§ What the task asks
Leave out the pictures, then return the records word for word.

Items from a dataset
.....

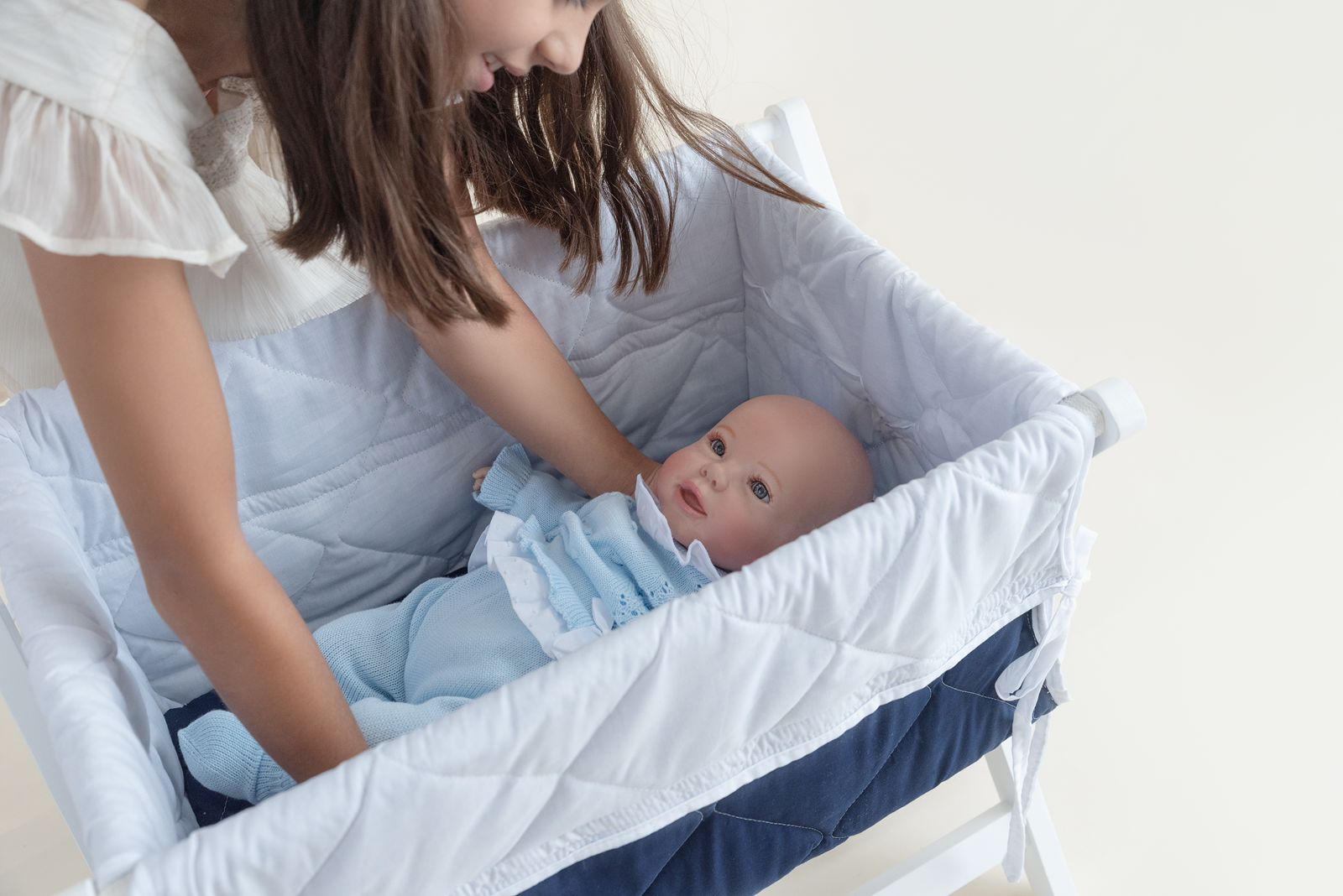 Hermosa cunita de juguete de tela y base de madera plegable.
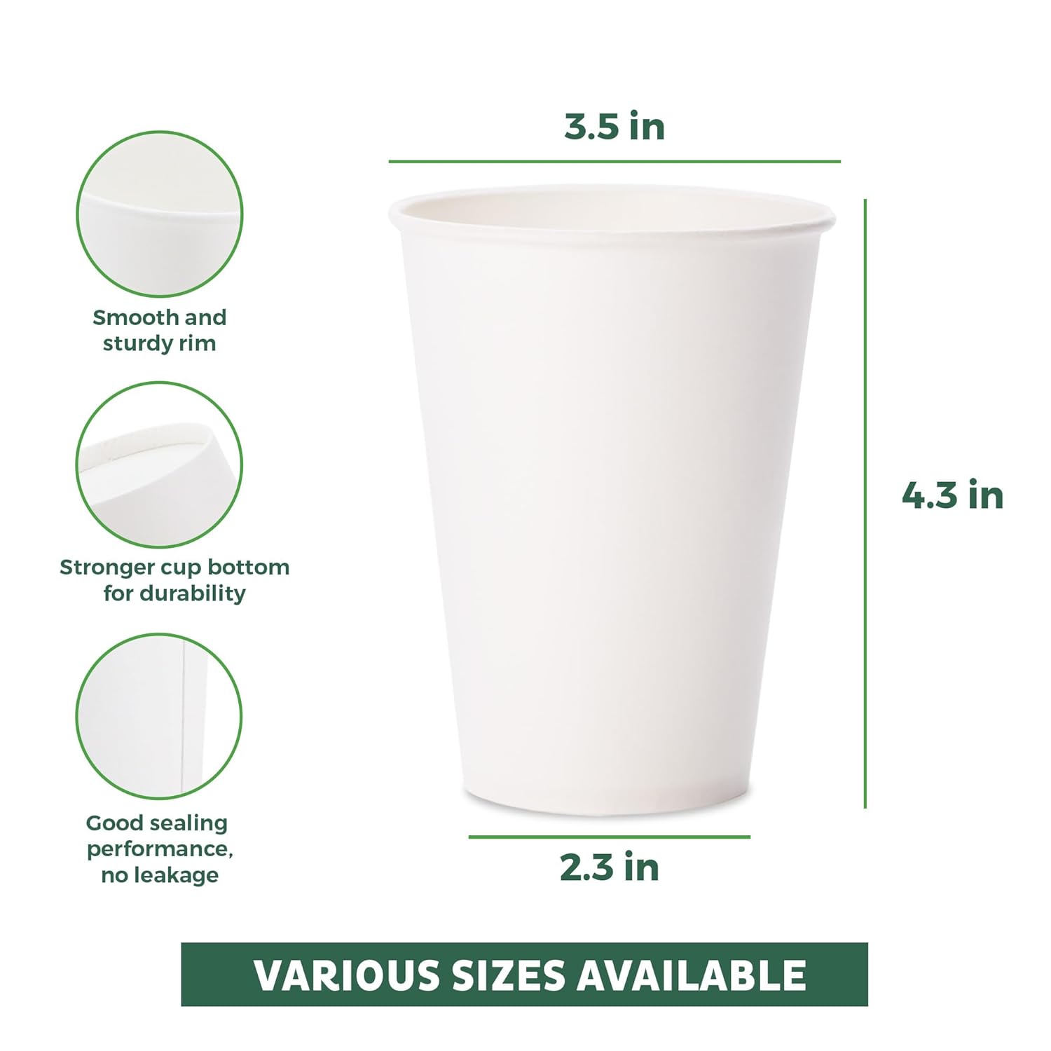 - Leak-Resistant Design - Made from thick, durable paper, our 12oz coffee cups are engineered to be leak-resistant for up to 7 days
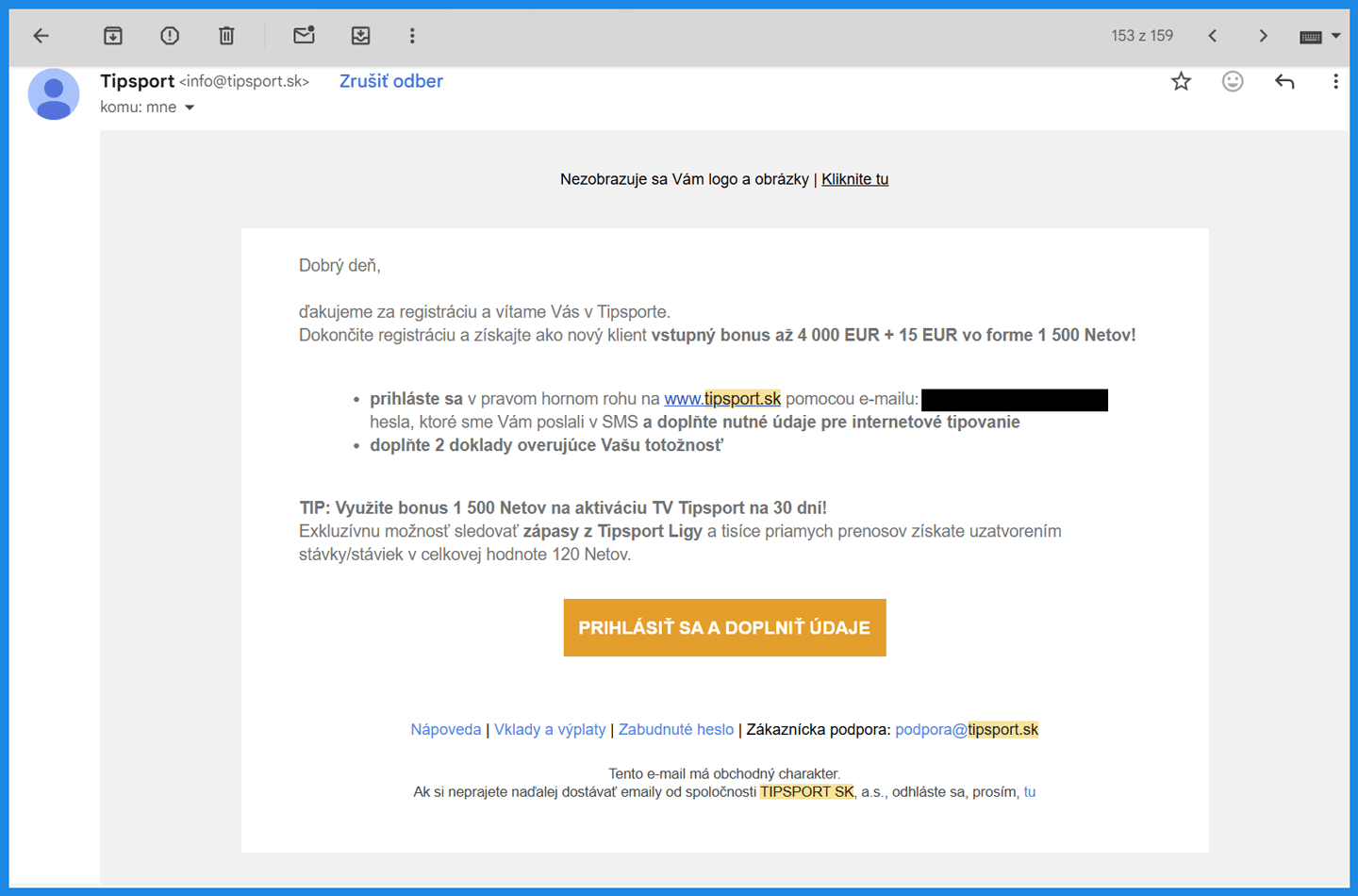 - Po registrácii a overení totožnosti nám prepošlite e-mail od stávkovej kancelárie Tipsport (e-mail po overení účtu) na .
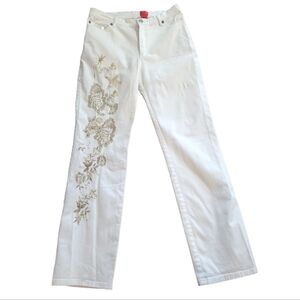 Very Vera Women's Gold Floral Embroidery White Straight Jeans Pants
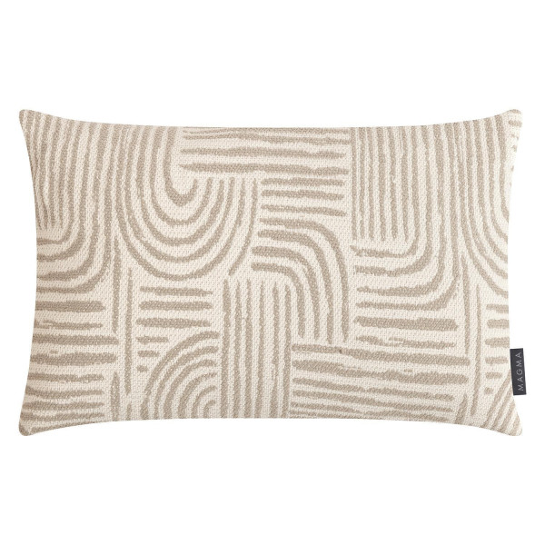 Die Outdoor Kissenhülle PAROS der Marke Magma besteht aus Polypropylen und ist in den Farben Creme sowie Weiß gestaltet. Während die Vorderseite dieses Kissenbezugs mit graphischen Mustern verziert ist, ist die Rückseite einfarbig und ohne Muster gehalten. Das Textil ist schmutz- und wasserabweisend, farbecht sowie lichtbeständig und verfügt über reißfeste Materialeigenschaften. Die Abmessungen dieser Hülle belaufen sich auf eine Länge von 60 cm und eine Breite von 40 cm.
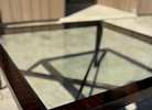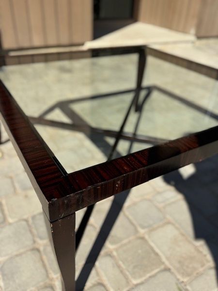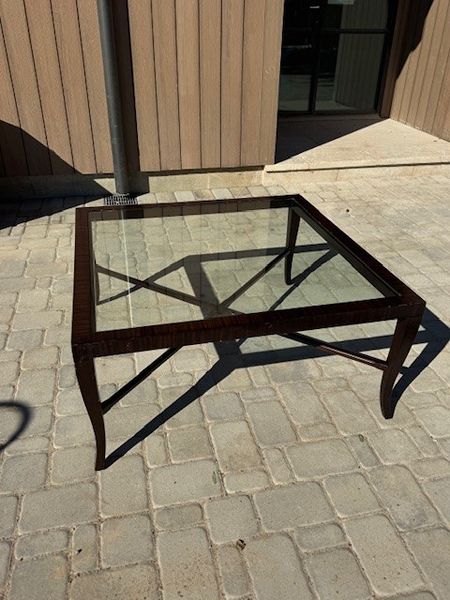 Square glass top coffee table with dark wood frame. Some wear and tear. 42x42x20
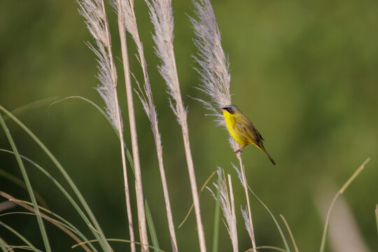 Masked yellowthroat (Geothlypis aequinoctialis) perched on a Cortaderia selloana.
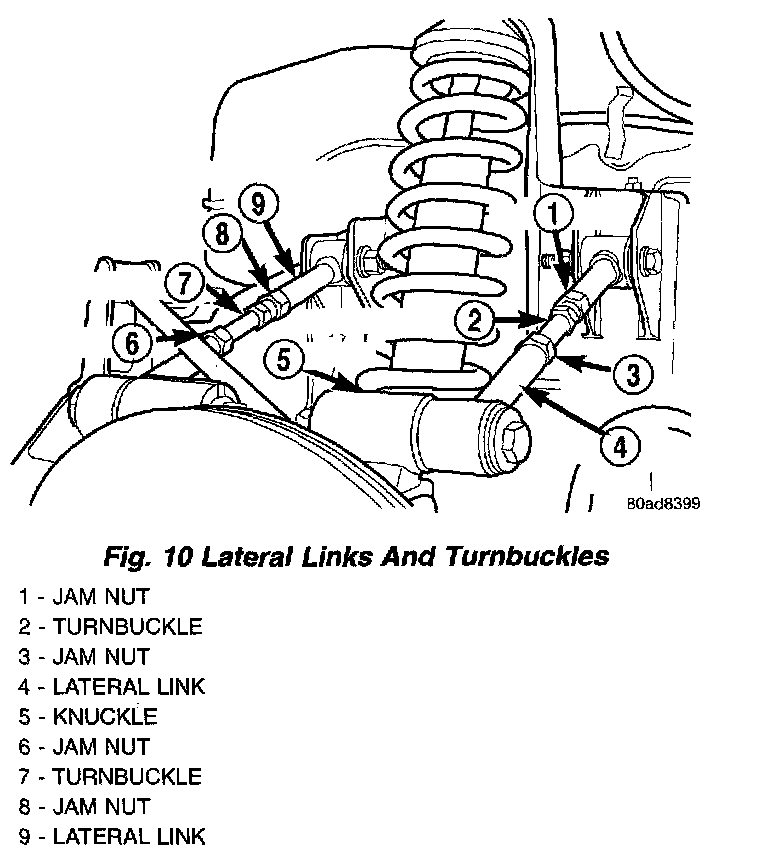 1. Loosen the jam nuts at the rear lateral links as necessary.
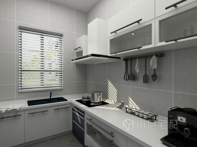 廚房白色柜體搭配淺灰色墻面,干凈整潔,功能設(shè)施齊全。
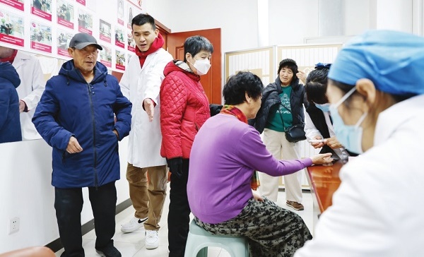 2月3日,北京市通州区通运街道紫荆雅园社区健康小屋内,医护人员为居民进行健康检查,居民们有序排队等候。
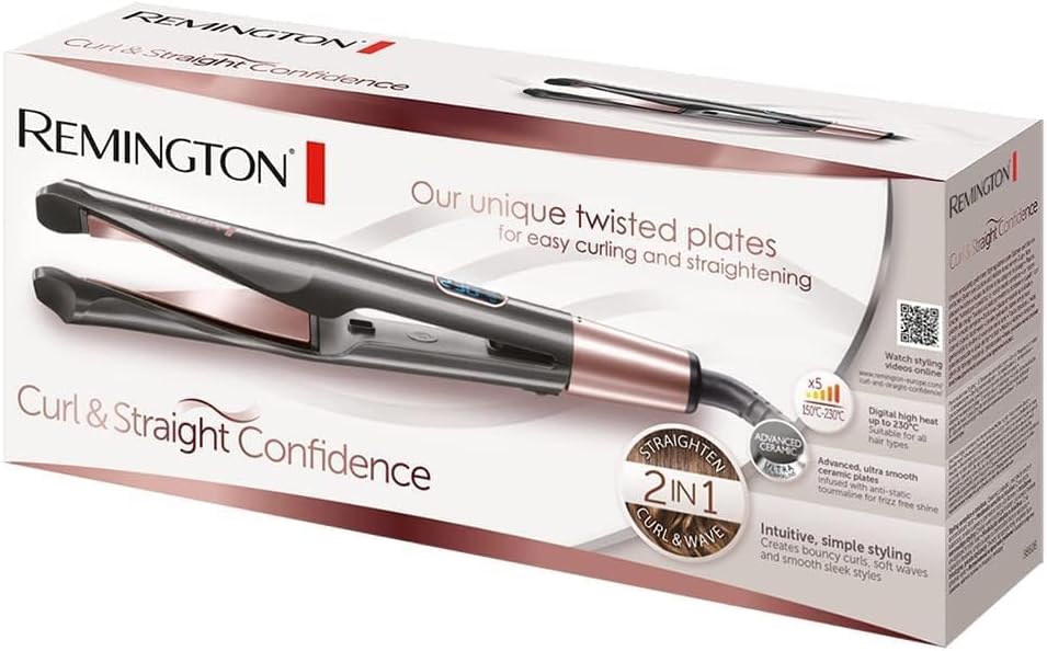 2-in-1 curl & straight, curved styling plates for straightening, curling & waves (digital display + 5 temperature settings 150-230 °) straightening iron & curling iron , Digital display with five temperature settings from 150-230 °C, 30 seconds heating time, temperature boost function allows quick adjustment of the maximum temperature,Memory function, remembers the last set temperature
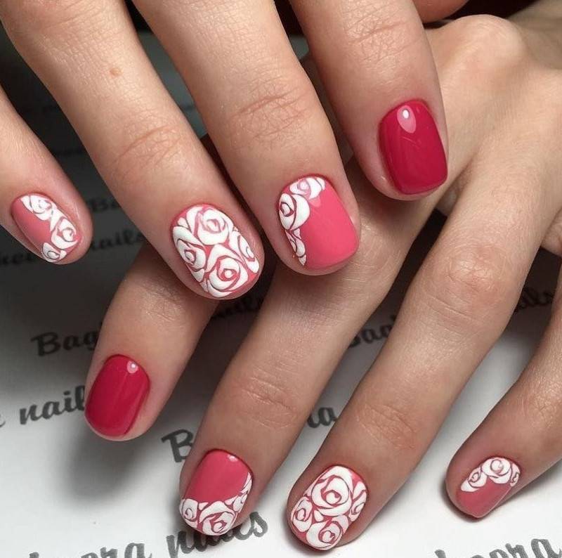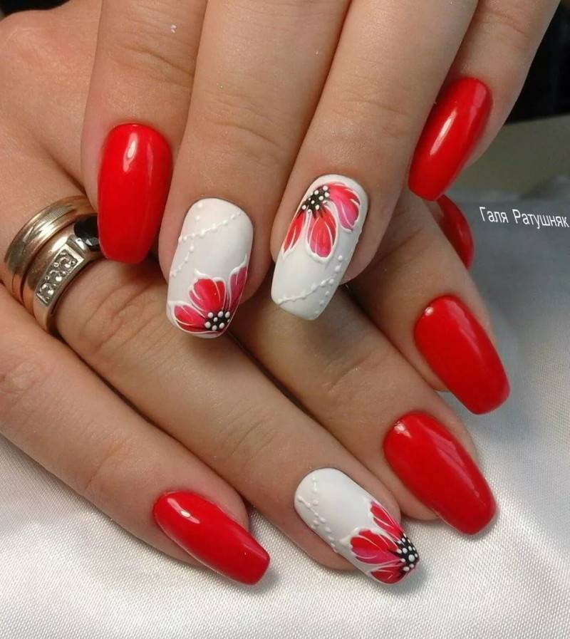 Белый цвет используется в качестве фона для нанесения флористики, геометрии, мраморного декора, абстракции. Визуально сочетание красного и белого смотрится объемно и насыщенно. Присмотритесь к французскому маникюру, где край ногтя выделен красным цветом, а остальное пространство ногтя окрашено белым цветом.
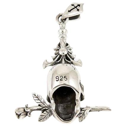 Combine com couros de proteção e seu capacete favorito - nosso Pingente de Rosa Crânio Sapphire é verdadeiramente único. Um para o homem que não tem medo de ultrapassar os limites, este acessório robusto ostenta a face rosnante de uma caveira resplandecente. Adornado com chamas furiosas e segurando uma rosa espinhosa entre os dentes, ele traz um ar de morte romântica com ele.
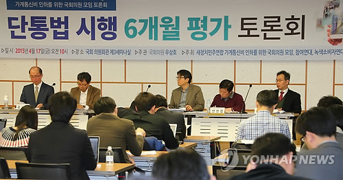 (서울=연합뉴스) 양정우 윤보람 기자 = '단말기유통구조개선법(단통법)' 시행 6개월을 맞아 17일 국회 의원회관에서 열린 토론회에서는 단통법 효과를 놓고 찬반 의견이 팽팽히 맞섰다.
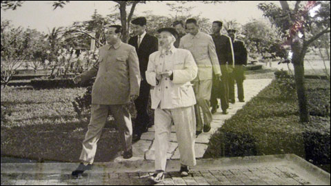 | Präsident Ho Chi Minh (r.) und Präsident Kim Il Sung im Jahr 1964 beim West-See in Vietnam. |
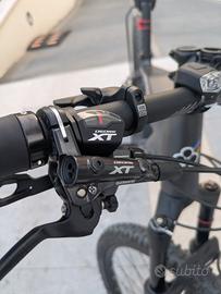 Telaio in alluminio idroformato con batteria integrata, forcella RockShox Judy Gold RL con escursione da 120 mm, cambio Shimano XT a 11 velocità con cassetta 11-46, freni Shimano XT BR-M8000 e gomme Schwalbe Nobby Nic 29″

.....

§ Response to this task
 Hermosa cunita de juguete de tela y base de madera plegable.
 - Leak-Resistant Design - Made from thick, durable paper, our 12oz coffee cups are engineered to be leak-resistant for up to 7 days
 - Po registrácii a overení totožnosti nám prepošlite e-mail od stávkovej kancelárie Tipsport (e-mail po overení účtu) na .
 Very Vera Women's Gold Floral Embroidery White Straight Jeans Pants
 Die Outdoor Kissenhülle PAROS der Marke Magma besteht aus Polypropylen und ist in den Farben Creme sowie Weiß gestaltet. Während die Vorderseite dieses Kissenbezugs mit graphischen Mustern verziert ist, ist die Rückseite einfarbig und ohne Muster gehalten. Das Textil ist schmutz- und wasserabweisend, farbecht sowie lichtbeständig und verfügt über reißfeste Materialeigenschaften. Die Abmessungen dieser Hülle belaufen sich auf eine Länge von 60 cm und eine Breite von 40 cm.
 Square glass top coffee table with dark wood frame. Some wear and tear. 42x42x20
 Masked yellowthroat (Geothlypis aequinoctialis) perched on a Cortaderia selloana.
 1. Loosen the jam nuts at the rear lateral links as necessary.
 廚房白色柜體搭配淺灰色墻面,干凈整潔,功能設(shè)施齊全。
 2月3日,北京市通州区通运街道紫荆雅园社区健康小屋内,医护人员为居民进行健康检查,居民们有序排队等候。
 2-in-1 curl & straight, curved styling plates for straightening, curling & waves (digital display + 5 temperature settings 150-230 °) straightening iron & curling iron , Digital display with five temperature settings from 150-230 °C, 30 seconds heating time, temperature boost function allows quick adjustment of the maximum temperature,Memory function, remembers the last set temperature
 Белый цвет используется в качестве фона для нанесения флористики, геометрии, мраморного декора, абстракции. Визуально сочетание красного и белого смотрится объемно и насыщенно. Присмотритесь к французскому маникюру, где край ногтя выделен красным цветом, а остальное пространство ногтя окрашено белым цветом.
 Combine com couros de proteção e seu capacete favorito - nosso Pingente de Rosa Crânio Sapphire é verdadeiramente único. Um para o homem que não tem medo de ultrapassar os limites, este acessório robusto ostenta a face rosnante de uma caveira resplandecente. Adornado com chamas furiosas e segurando uma rosa espinhosa entre os dentes, ele traz um ar de morte romântica com ele.
 (서울=연합뉴스) 양정우 윤보람 기자 = '단말기유통구조개선법(단통법)' 시행 6개월을 맞아 17일 국회 의원회관에서 열린 토론회에서는 단통법 효과를 놓고 찬반 의견이 팽팽히 맞섰다.
 | Präsident Ho Chi Minh (r.) und Präsident Kim Il Sung im Jahr 1964 beim West-See in Vietnam. |
 Telaio in alluminio idroformato con batteria integrata, forcella RockShox Judy Gold RL con escursione da 120 mm, cambio Shimano XT a 11 velocità con cassetta 11-46, freni Shimano XT BR-M8000 e gomme Schwalbe Nobby Nic 29″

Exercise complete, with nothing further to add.